Blue Collar Bioinformatics

Note: new posts have moved to http://bcb.io/ Please look there for the latest updates and comments

Distributed exome analysis pipeline with CloudBioLinux and CloudMan

with 19 comments

A major challenge in building analysis pipelines for next-generation sequencing data is combining a large number of processing steps in a flexible, scalable manner. Current best-practice software needs to be installed and configured alongside the custom code to chain individual programs together. Scaling to handle increasing throughput requires running that custom code on a wide variety of parallel architectures, from single multicore machines to heterogeneous clusters.

Establishing community resources that meet the challenges of building these pipelines ensures that bioinformatics programmers can share the burden of building large scale systems. Two open-source efforts which aim at providing this type of architecture are:

  • CloudBioLinux — A community effort to create shared images filled with bioinformatics software and libraries, using an automated build environment.

  • CloudMan — Uses CloudBioLinux as a platform to build a full SGE cluster environment.
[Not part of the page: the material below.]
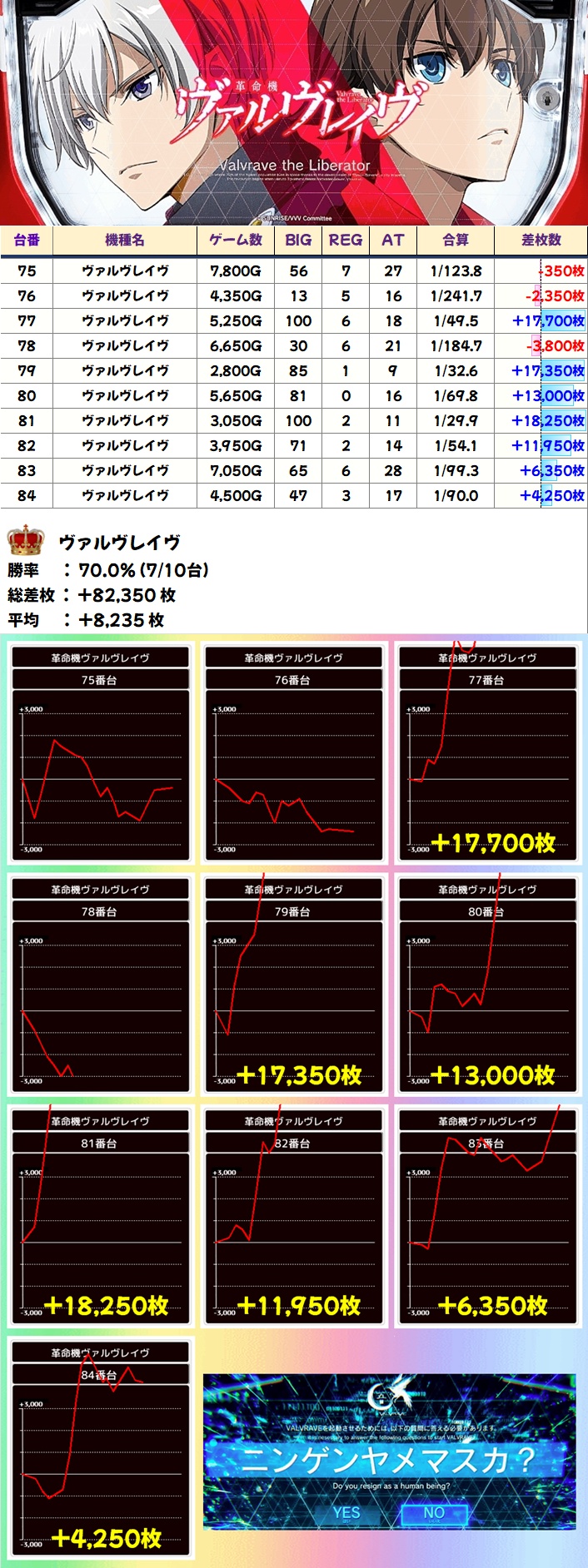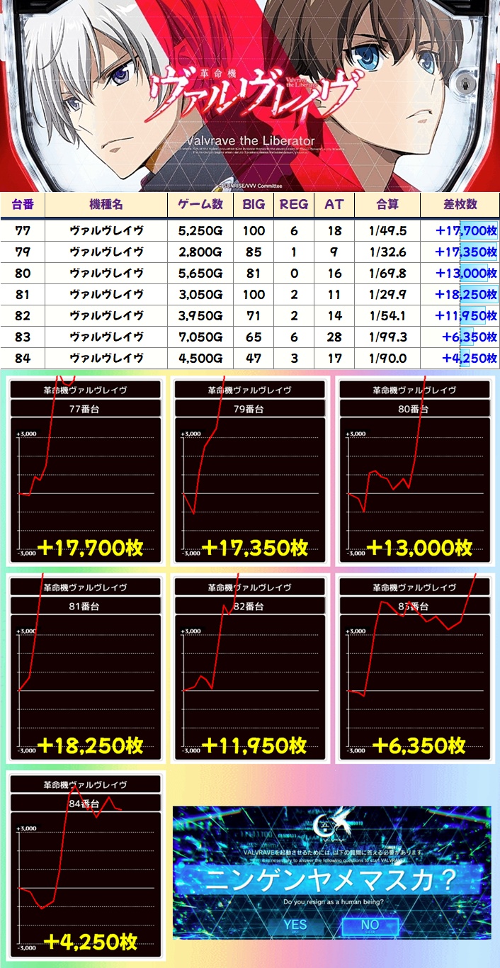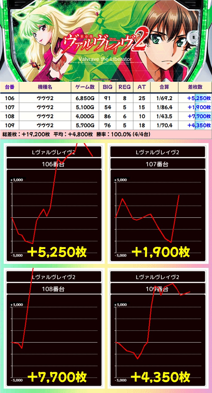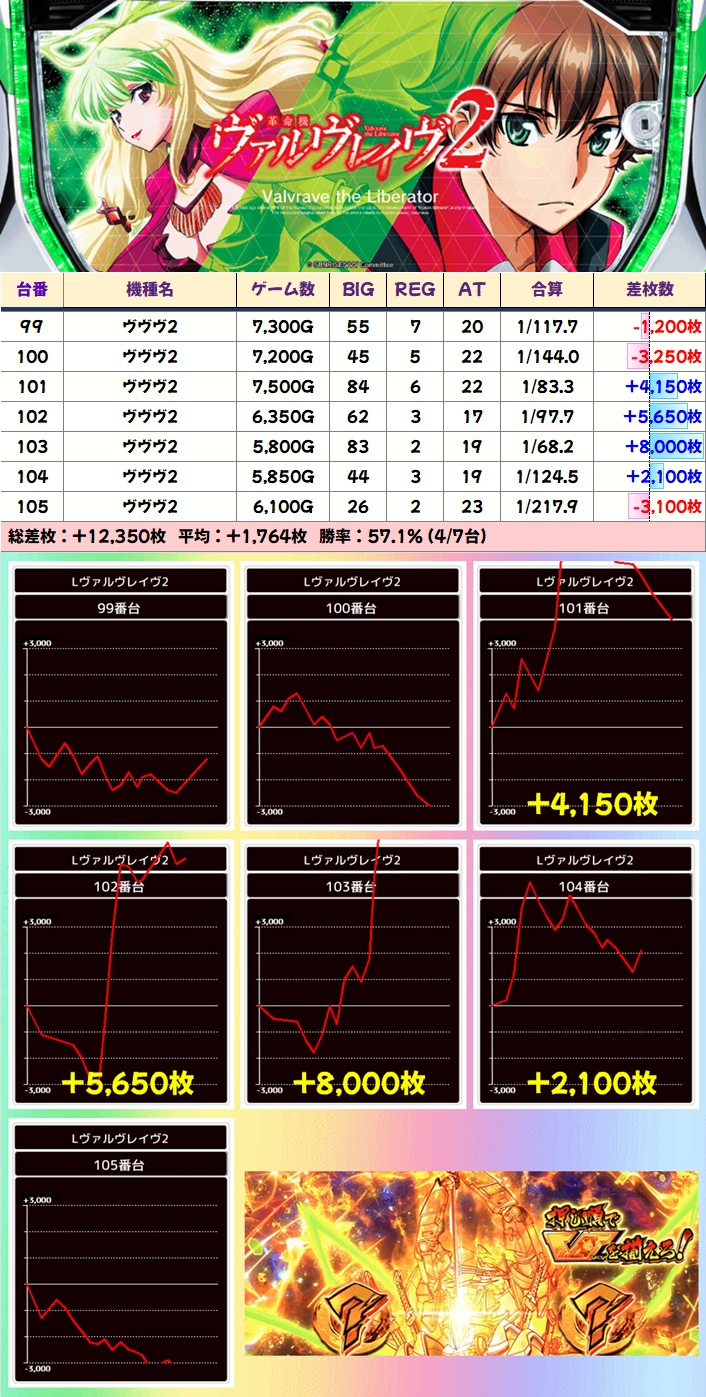 全系機種であった初代ヴヴヴは5台が万枚超でうち3台がコンプクラスとぶっ飛んだ結果に!

Written by Enis Afgan and the Galaxy Team, CloudMan is used to provide a ready-to-run, dynamically scalable version of Galaxy on Amazon AWS.
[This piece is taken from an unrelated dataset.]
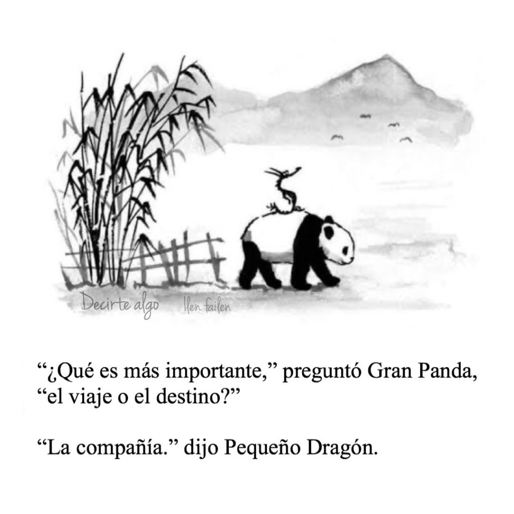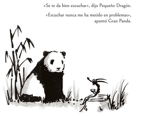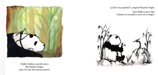 «Gran Panda y Pequeño Dragón» no és ben bé un relat amb inici, nus i desenllaç. Ens explica que el Panda i el Drac inicien un viatge (en primavera que és quan tot comença) per les estacions de l’any i durant el viatge es perden. És una metàfora de la nostra vida perquè sovint estem perduts (alguns més que d’altres). En aquesta pèrdua troben llocs preciosos que d’altra manera no haguéssin trobat. Recordeu el poema de Robert Lee Frost?…Doncs aquesta és la idea.

Here we combine CloudBioLinux software with a CloudMan SGE cluster to build a fully automated pipeline for processing high throughput exome sequencing data:

  • The underlying analysis software is from CloudBioLinux.
  • CloudMan provides an SGE cluster managed via a web front end.
  • RabbitMQ is used for communication between cluster nodes.
  • An automated pipeline, written in Python, organizes parallel processing across the cluster.

Below are instructions for starting a cluster on Amazon EC2 resources to run an exome sequencing pipeline that processes FASTQ sequencing reads, producing fully annotated variant calls.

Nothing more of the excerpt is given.